O dogma da Teologia da Intolerância é a violência, cujas principais vítimas são os seguidores de religiões afro-brasileiras. Segundo a Secretaria de Assistência Social do Rio de Janeiro, entre julho de 2012 e dezembro de 2014, houve 948 denúncias de atos de violência e 71% dos atingidos eram da umbanda e do candomblé.

Não é só um ataque à dignidade humana, mas também ameaça à democracia e ao Estado laico. É uma estratégia de poder de grupos religioso-empresariais, que, ligados a igrejas neopentecostais, transformaram a fé em lucro e capital político. São grupos que não representam o conjunto dos protestantes.

Eles se organizam por meio do controle de estações de rádio e TV –bens públicos– e da articulação com os Poderes Legislativos, principalmente com o Congresso, sob o comando de Eduardo Cunha.

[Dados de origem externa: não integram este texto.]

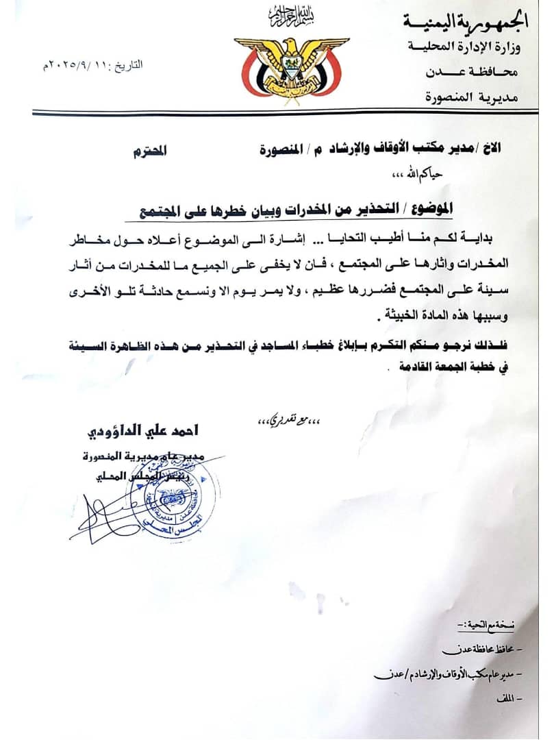 شهدت مساجد مديرية المنصورة في العاصمة عدن، الجمعة الموافق 12 سبتمبر 2025م، تخصيص خطب للتوعية بمخاطر المخدرات على الإنسان والمجتمع، وذلك بتوجيهات من مدير عام المديرية الأستاذ أحمد علي الداؤودي، وبالتنسيق مع مكتب الأوقاف بالمديرية.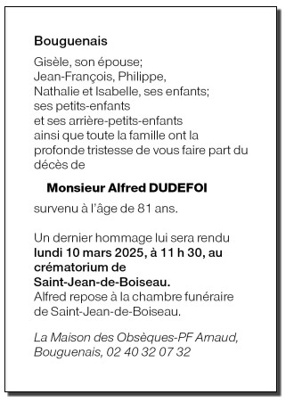 Cet espace « condoléances » est dédié à la mémoire de Monsieur Alfred DUDEFOI.
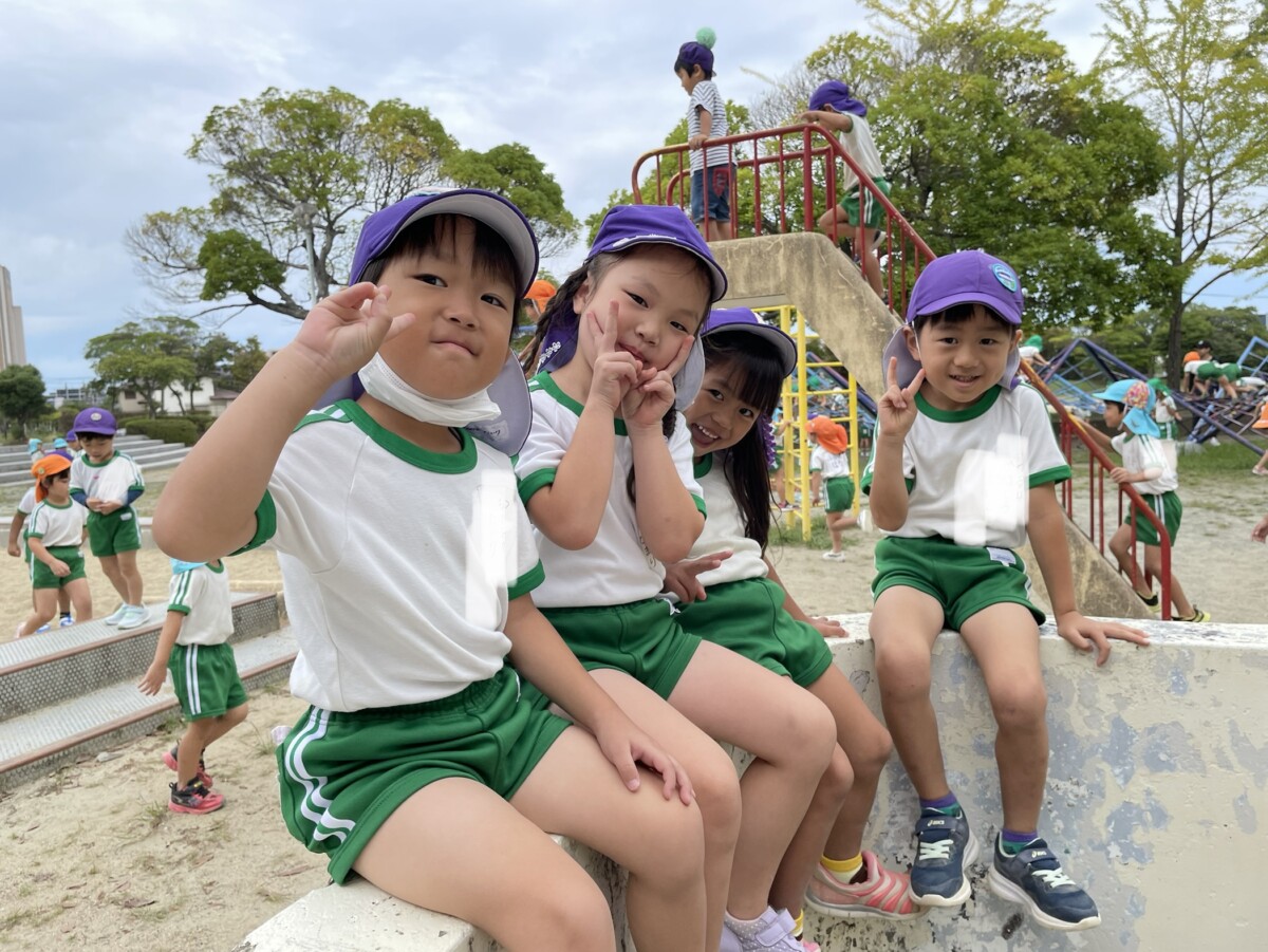つるぐみさんは、運動会の練習の合間に、2号公園で遊んだり、学年全員で職員も踏まえてリレーやしっぽ取りをしたり、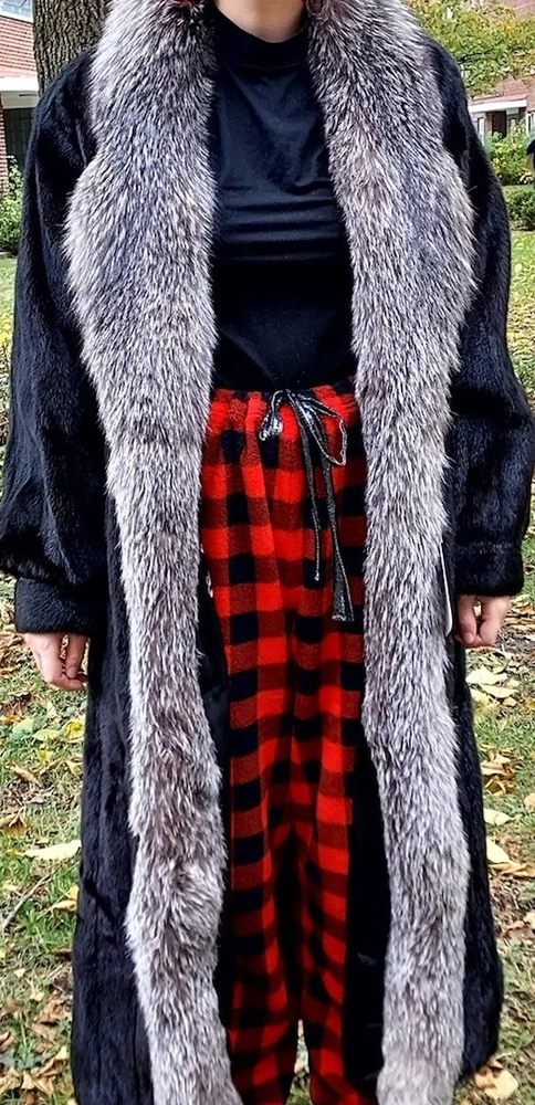 This vintage full-length mink coat with crystal fox tuxedo collar and lapels is a luxurious and stylish piece perfect for formal, casual, business, and/or festive occasions. Custom made for the owner by Abramson Furriers, the coat has been professionally maintained over the years. It is being sold as the owner now resides in a tropical climate and can no longer use it. Measurements are: 47” collar to hem 24” underarm to underarm 18” shoulder to shoulder 25” sleeve top of shoulder to cuff The lining is pristine, the pockets are lined in velvet, and the coat has a very large sweep.
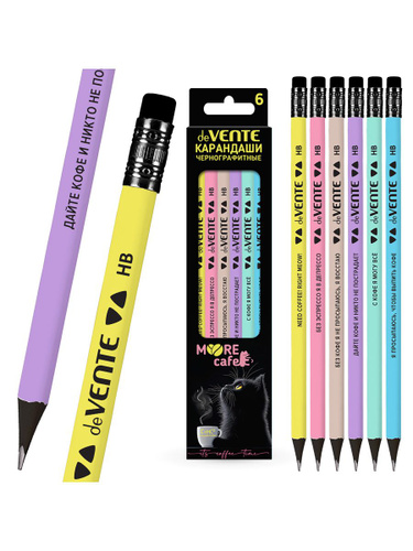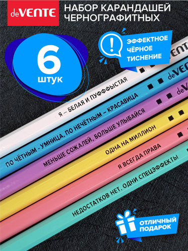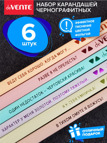 Набор простых чернографитный карандашей для рисования с фразами на корпусе 6 шт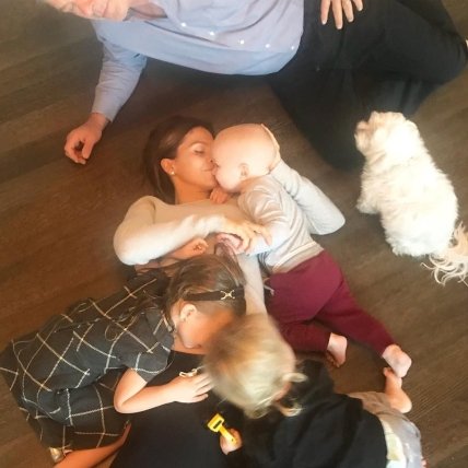 "Наша Болдуинитос готовится к появлению нового члена команды грядущей весной!"– подписала она семейный снимок, на котором запечатлена вместе с мужем и детьми.

A denúncia da Procuradoria-Geral da República enviada ao STF mostrou a relação clandestina entre os poderes políticos e os religiosos. Cunha teria recebido por meio de uma igreja da Assembleia de Deus R$ 250 mil como propina do esquema da Petrobras.

Na Assembleia Legislativa do Rio, a apoteose do obscurantismo foi o AI-5 religioso. O projeto, do deputado evangélico Fábio Silva (PMDB), prevê a censura, com multa de até R$ 270 mil, a manifestações políticas e culturais que satirizem religiões. A PM poderia interromper peça de teatro ou bloco de Carnaval, por exemplo. O absurdo saiu da pauta.

O teólogo Leonardo Boff me falou uma vez sobre as diferenças entre caridade e solidariedade. A caridade é uma relação vertical entre desiguais, movida pela pena. Já a solidariedade é fruto do sentimento de igualdade e empatia. Esta é a essência do cristianismo.

Os mercadores da intolerância estão muito distantes da simbologia da cruz, representação do compromisso com a dor do outro e com a justiça social. Os arautos do ódio são a coroa de espinhos, os algozes.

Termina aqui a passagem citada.